Eventually, Sherriff Dutton, his deputy, Russell Clank (The Ruins’ Joseph Anderson) Judy and her assistant, Becca discover the increasingly homicidal behavior of normally Ma and Pa Kettle townsfolk, is due to the town’s drinking water. Recently a military airplane crashed and its cargo has leaked into the nearby wetland, which, by-the-way is the favorite duck hunting ground for the gun-toting rednecks.

Of course, unnamed government officials know they’ve lost a plane and just how dangerous the bio-engineered toxin (read chemical weapon of mass destruction) on board is. Soon, the entire town including Team Dutton find themselves at odds against a government initiated containment where soldiers dressed in biological protection suits and armed with machine guns are ordered to gun down anyone showing the slightest bit of infection or the unaffected trying to escape quarantine. Add in the fact the above mentioned armed duck hunters - now zombified - are laying in wait to kill any live body, military or otherwise.

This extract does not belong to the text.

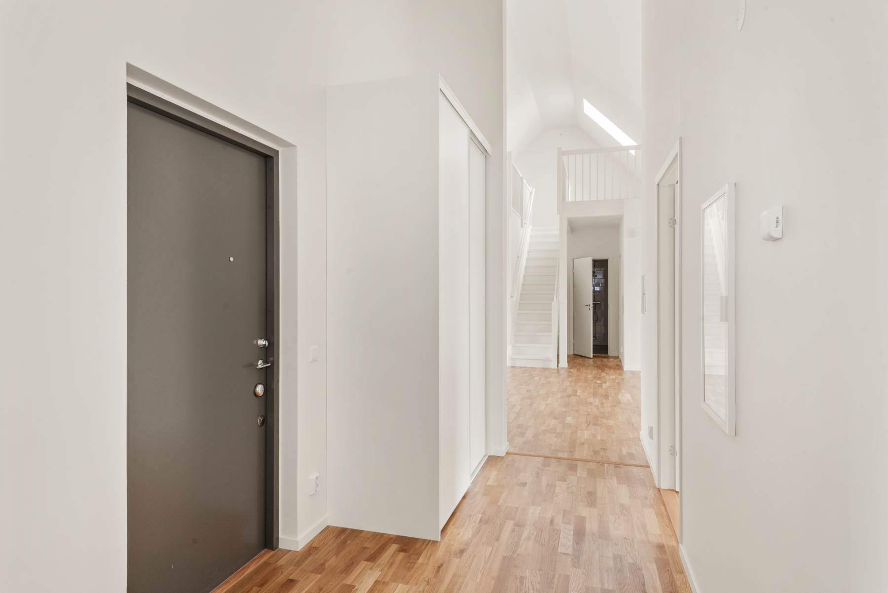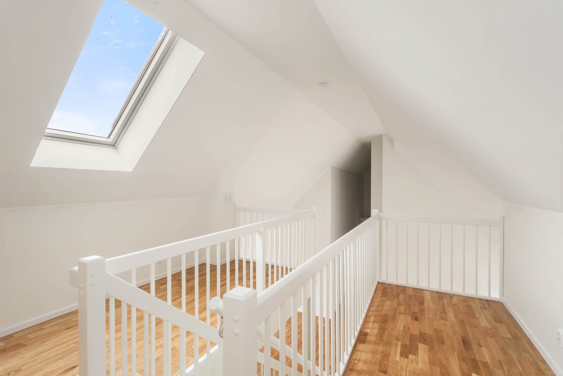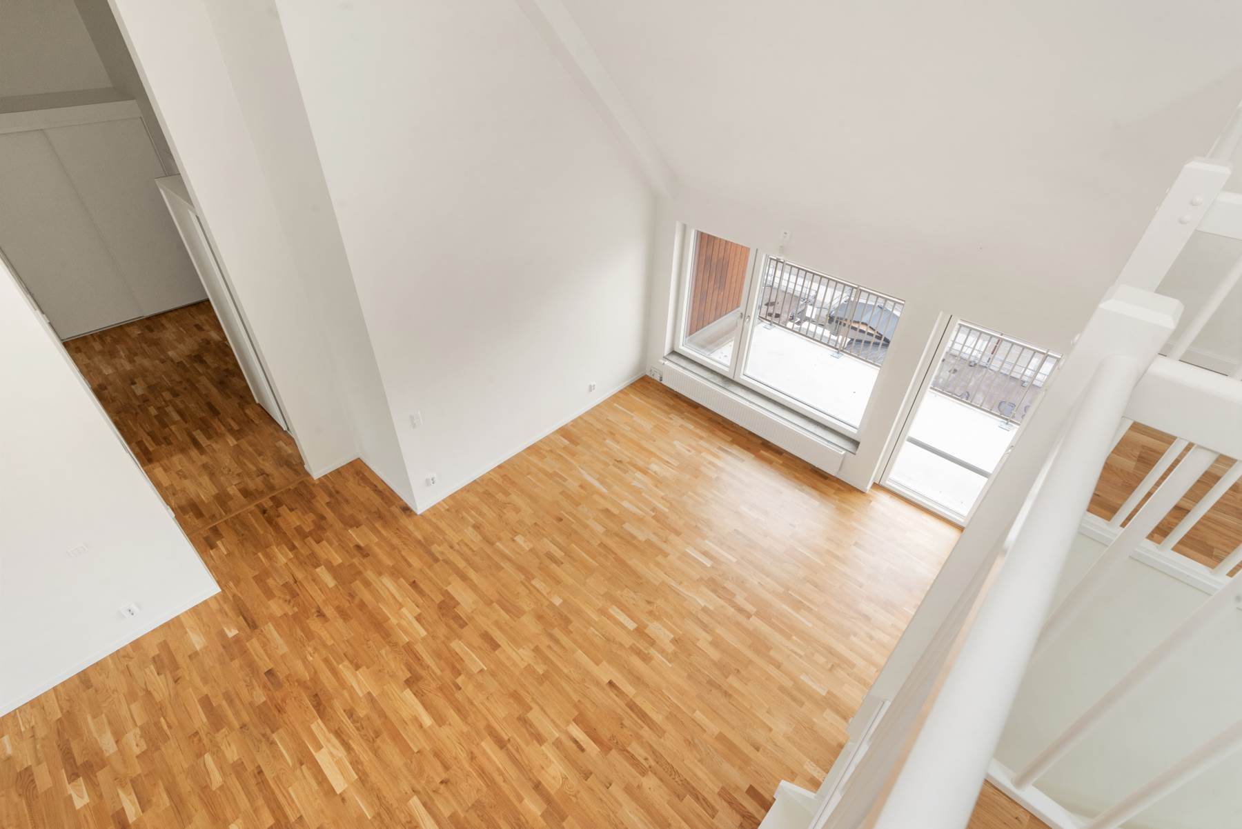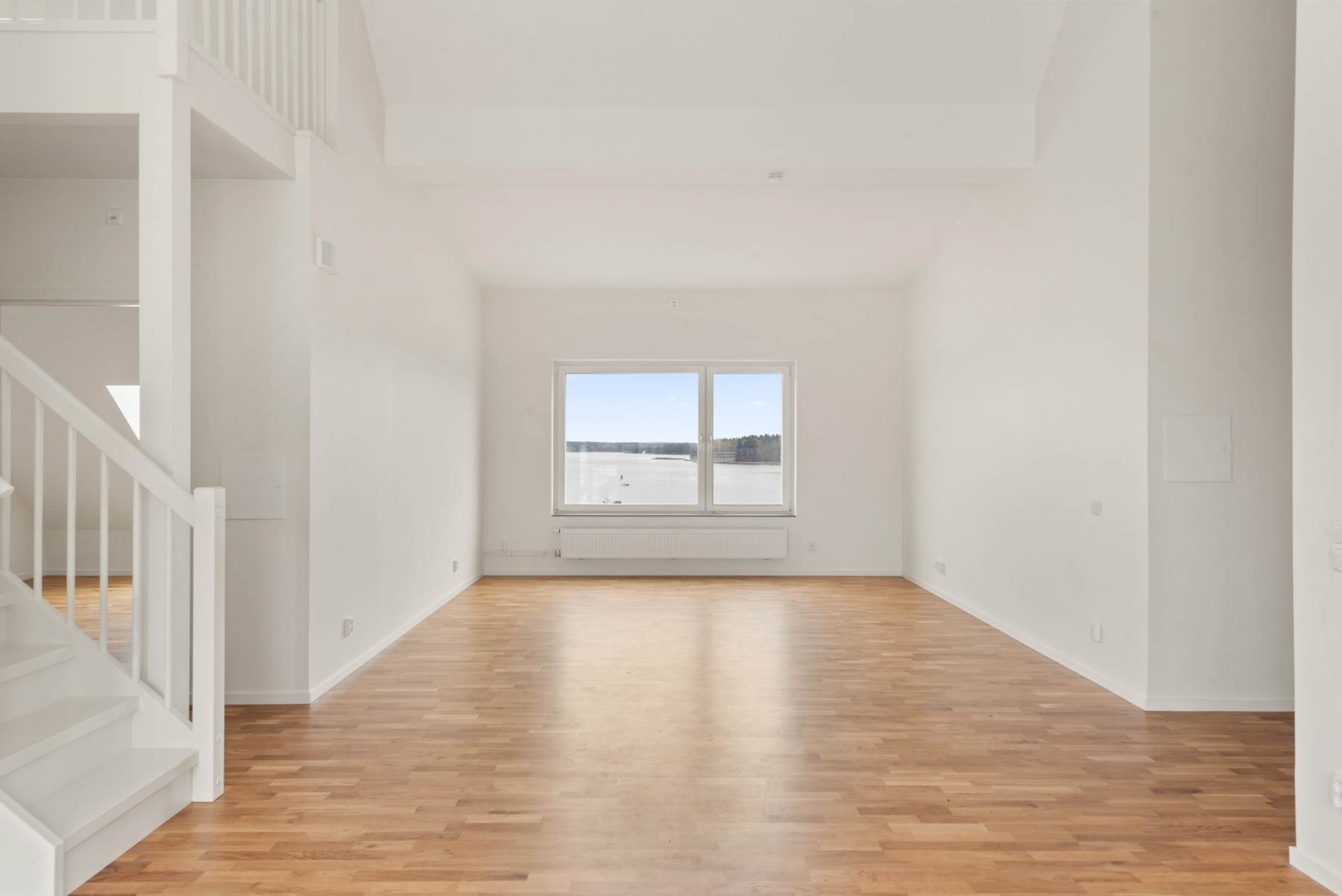 Trestavig ekparkett och vitmålade väggar.

Screen writers Scott Kosar (The Machinist), Ray Wright (Pulse) and director Breck Eisner (son of former Disney head Michael Eisner) do a remarkably good job adding substance to what could have been just another “actor screams-runs-falls-gets caught and killed-by-the-zombie” movie. There is surprisingly at times, real suspense, which is worth noting in a movie genre which you know just about every one dies. Yes, there are some obligatory clichés added for shock value but not so many that the movie becomes absurd. The mandatory killings thankfully aren’t particularly gory or graphic but some scenes do make you flinch a little and others make you literally jump a bit. The suspense leading up to the scare was pretty much perfectly timed by the entire production crew from director to editor. Every actor nailed their part - especially John Anderson, making the film as close to believable as a movie about the government efforts to contain a chemical bio-weapon leak can be.

Romero’s films are known for their social commentary, and conspiracy theorist will say there’s more truth to this movie than anyone knows. As a matter of fact, at the screening I attended Greenpeace had set up a table, literally, just outside of the theater.

Now I don’t know how much reality was injected into the script, but as horror movie, it does a great job making you kind of root for the zombies.